Контрабандист хотел было ответить, но из спальни вышла Клодия, она, очевидно, только что проснулась. Свой округлившийся живот она поддерживала обеими руками, как бы опасаясь за его целость.
– А когда сроки? – спросил Барбера.
– Скоро, – ответил Бизонтен, – в конце нынешнего месяца.
Контрабандист покачал головой, но Бизонтену почудилось, будто он даже и не дослушал ответа. И в столь явном отсутствии внимания со стороны этого человека, живущего лишь настоящей минутой, было что-то тревожное.
Клодия присела у очага на табурет, здесь она просиживала почти целые дни с тех пор, как Мари посоветовала ей поменьше ходить.
Снова воцарилось молчание, потом Ортанс, не сдержав волнения, повторила свой вопрос:
– Где же Блондель?
Широкие плечи контрабандиста поднялись, словно бы он желал сбросить наземь непомерную тяжесть. Огромными ладонями он начал растирать свои волосатые ноги, чтобы разогнать кровь. Тянулось молчание, бесконечно долгое молчание, видно было, что Барбера ищет и не находит нужных слов. Потом, сплюнув в огонь, он выпалил одним духом:
– Около Муарана это было. Дела шли не очень хорошо… Попросту говоря, совсем даже плохо. Снова пошла зараза, никто не знал, чума это или нет, но на всякий случай заболевших отправляли в пещеру Жаржиляр… В окрестных селениях прятались люди из Лакюзона и Лаплака, которые бежали из родных мест в долины. Война – она над всем верх берет. Так вот, надо было ребятишек спасать. И Блондель часто туда к ним отправлялся… Младенцев-то в Муаране оставляли. Всегда он находил людей, чтобы те за малышами присматривали.

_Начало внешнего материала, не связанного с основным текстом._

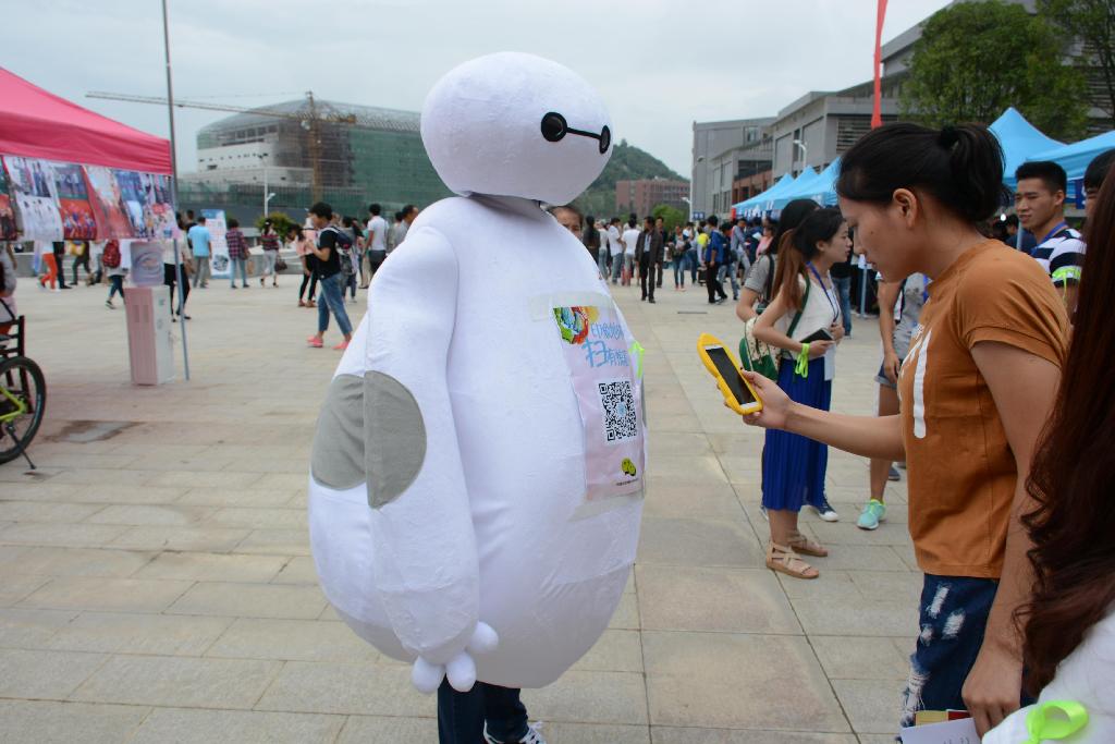 “带你变萌带你飞,我不是胖嘟嘟只是气很足”。体型胖胖造型呆萌的一只大棉花糖般“治愈系”机器人大白造型,成了整个迎新场地上地环学院新生报到点的醒目标志。为了方便新生熟悉报到流程、顺利完成报到注册,了解学校其他机构地点和校园路线,及时查看学院的通知安排等,院团委学生会别出心裁地制作了大白造型,并在大白肚子上精心设计了二维码,新生只要通过扫描二维码这一简单的动作,就可以关注“地环印象”这一微信平台,及时了解以上信息。志愿者们还将继续在“地欢印象”微信平台上传精心准备的文章和收罗的信息,其内容几乎涉及了大学生活的方方面面,进一步帮助新同学解决这一阶段遇到的实际困难。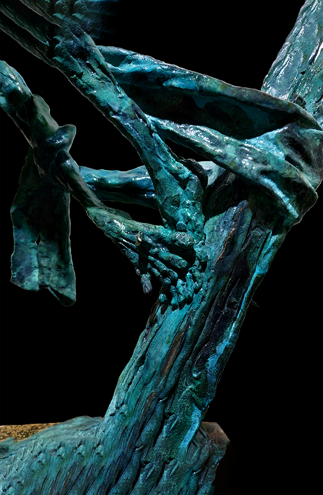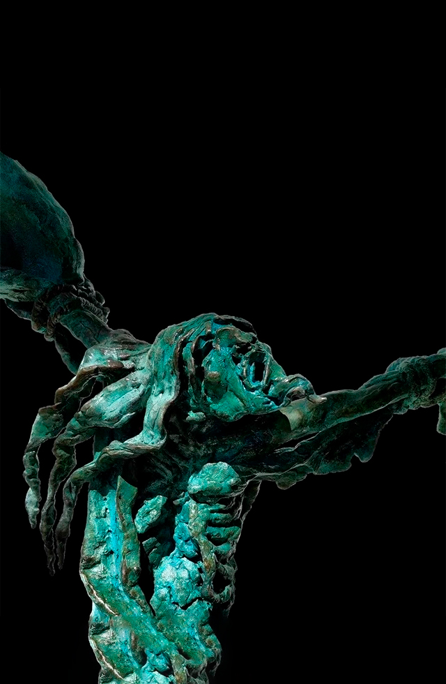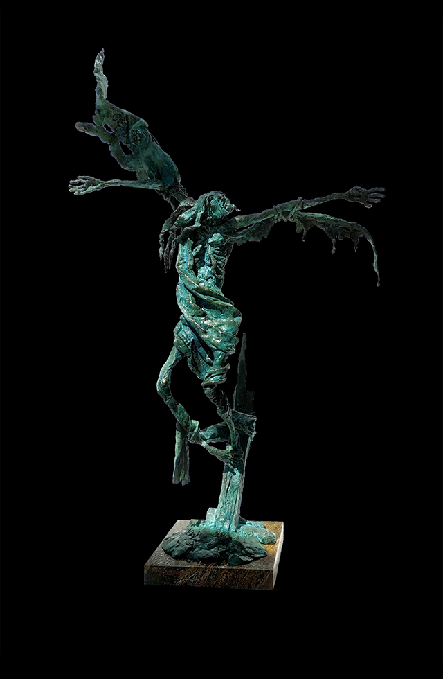 92х54х22 см. 2022г. бронза., камень Скульптура из проекта "ГОЛГОФА". Разбойник, он же Дисмас - имя преступника, который был распят на Голгофе вместе с Христом и Гестасом. Раскаявшийся и уверовавший в Иисуса, Первый спасённый из людей.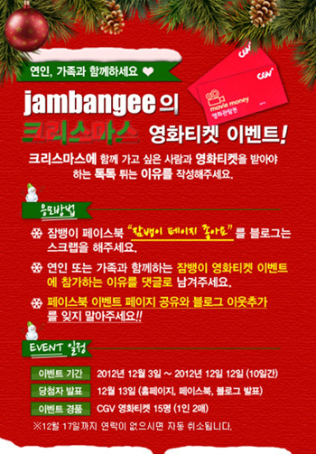 3일부터 10일간 진행되는 잠뱅이의 크리스마스 영화티켓 이벤트는 잠뱅이 페이스북에 ‘좋아요’를 누른 후 크리스마스에 함께 가고 싶은 사람과 영화티켓을 받아야 하는 이유를 개성과 진심을 담아 댓글로 남기면 된다.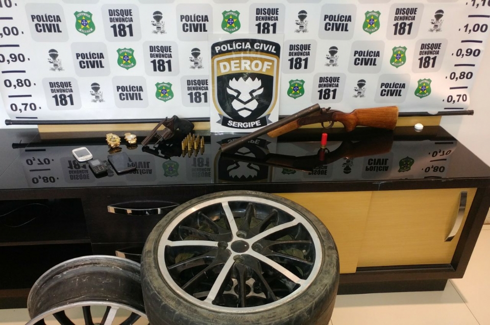 As prisões aconteceram em um imóvel no conjunto Jardim Centenário, zona oeste de Aracaju. Com os acusados foram apreendidos um veículo Gol, de cor azul e placa HZO-6009/SE – utilizado na ação criminosa -, dois relógios, três aparelhos celulares, um revólver calibre 38 com 15 munições e uma escopeta cano curto calibre 12 municiada.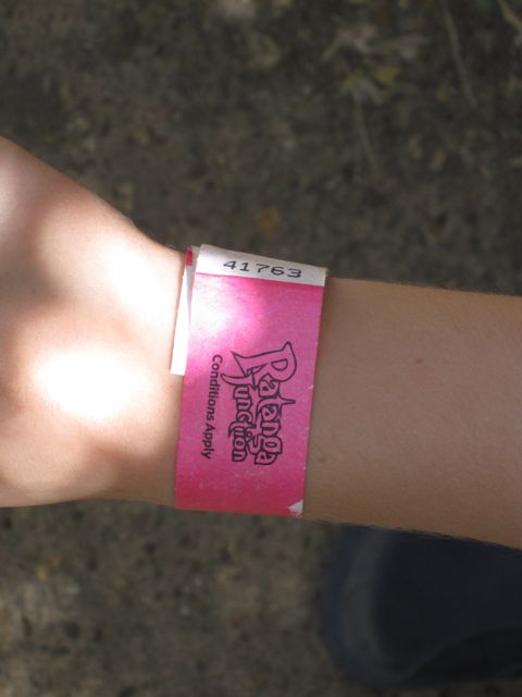 This is Mark's wristband. I took this photo as we were waiting for The Cobra, a hanging coaster that Mark and I rode twice while Tracy, Kamva, and Catherine watched a show. Empty pockets are essential for this ride, so I couldn't take any photos on The Cobra.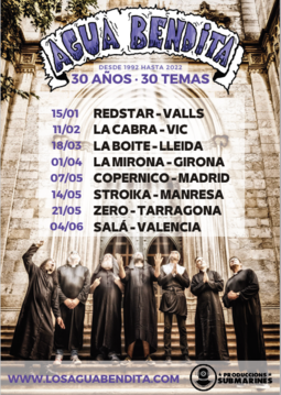 CAS: Coincidiendo con el 30 aniversario de la creación del mítico grupo Barcelonés de Ska/Punk/Reggae Agua Bendita , la banda vuelve a los escenarios de la mano de Moussa Castro, voz, bajo y compositor de gran parte de los temas de sus 4 álbumes oficiales, publicados por la discográfica Tralla Record entre 1993 y 1998.En su directo, nos ofrece un repertorio basado prácticamente en las dos maquetas debut del grupo, tituladas Amén y Grita Liberta (93/94), con un sonido fresco e inconfundible.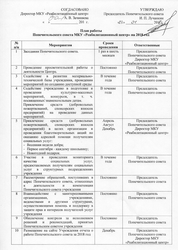 - План работы попечительского совета МКУ Реабилитационный центр на 2018 г.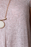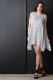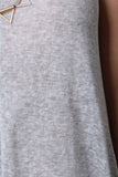 This dress features a rounded neckline, loose heather knit fabrication, shift dress silhouette, asymmetrical cut hemline, with raw unfinished hems. Accessories sold separately. Made in U.S.A. 60% Rayon, 40% Polyester.
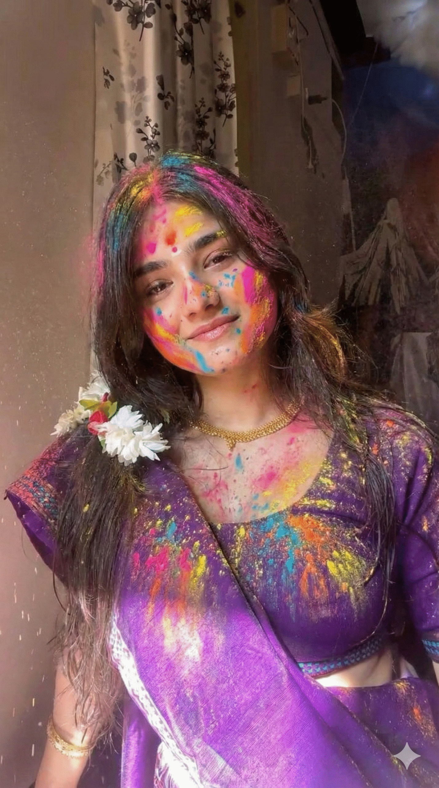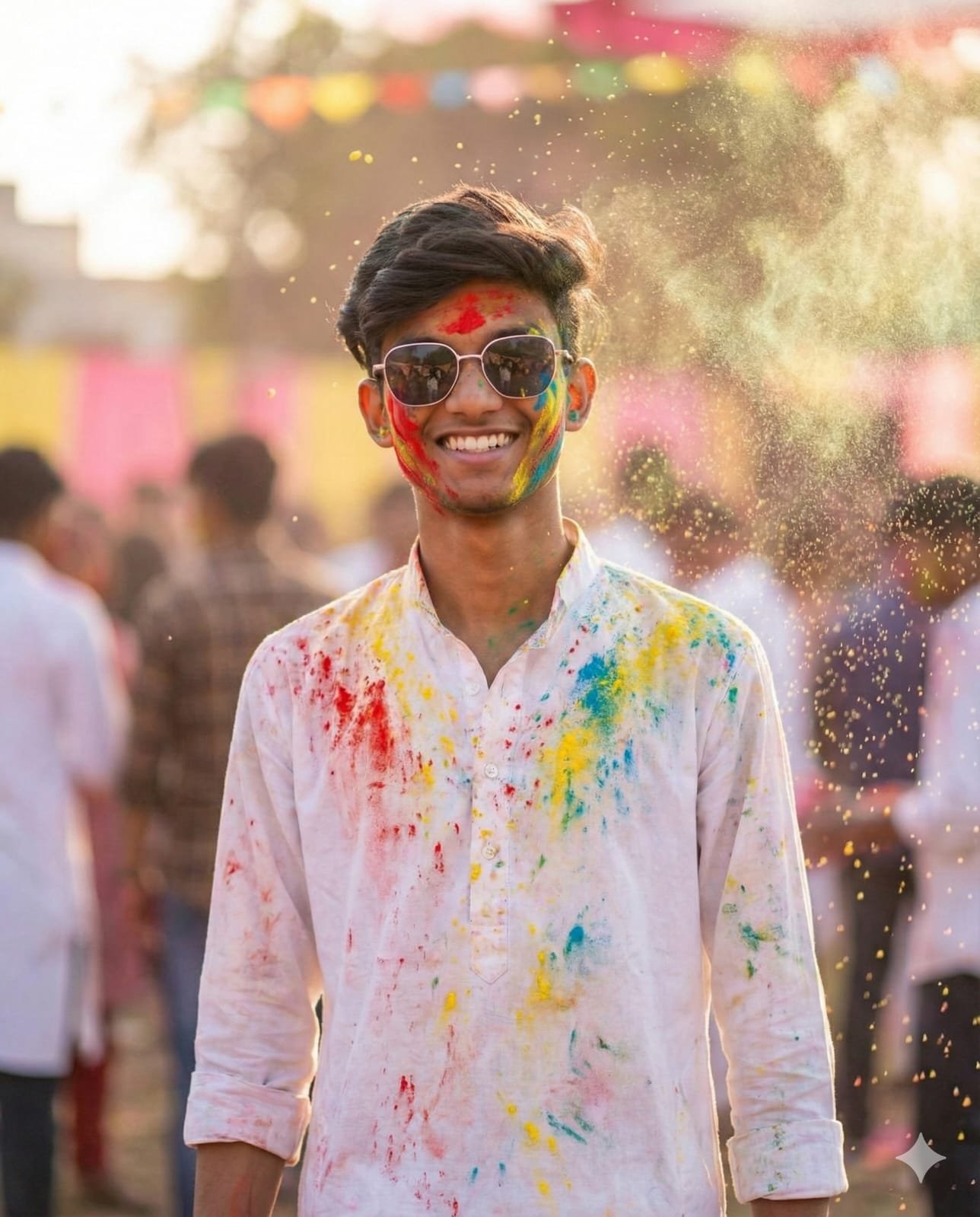 Add realistic and vibrant Holi festival color splashes to the existing photo while keeping the original face, pose, background, lighting, camera angle, and composition ...

Он замолк, взгляд его, напоминавший взгляд затравленного зверя, обежал всех присутствующих, и он снова опустил глаза вниз, на иззябшие свои ноги, которые по-прежнему мял и тер ладонями. Потом мрачно и так, словно он желал бы, чтобы никто не понял его слов, слитых в одну неясную фразу, он буркнул:
– Так вот, Блондель и пошел в низину детей искать… Он туда не пойдет больше… Он свои счеты кончил.
Снова наступила тишина. Никто не посмел шевельнуться. Даже Мари, чтобы снять уже закипевший котелок с огня. От лица Ортанс разом отхлынула вся кровь, однако ресницы ее не дрогнули. Она сидела выпрямившись, застыв, как застывал в такие минуты Блондель.
Только одна Клодия казалась безучастной, она словно бы не поняла, о чем идет речь.
После долгой паузы Бизонтен вполголоса произнес:
– Вот тебе и на, да разве такое возможно!
– Да, – ответил Барбера, – он кончил свои счеты.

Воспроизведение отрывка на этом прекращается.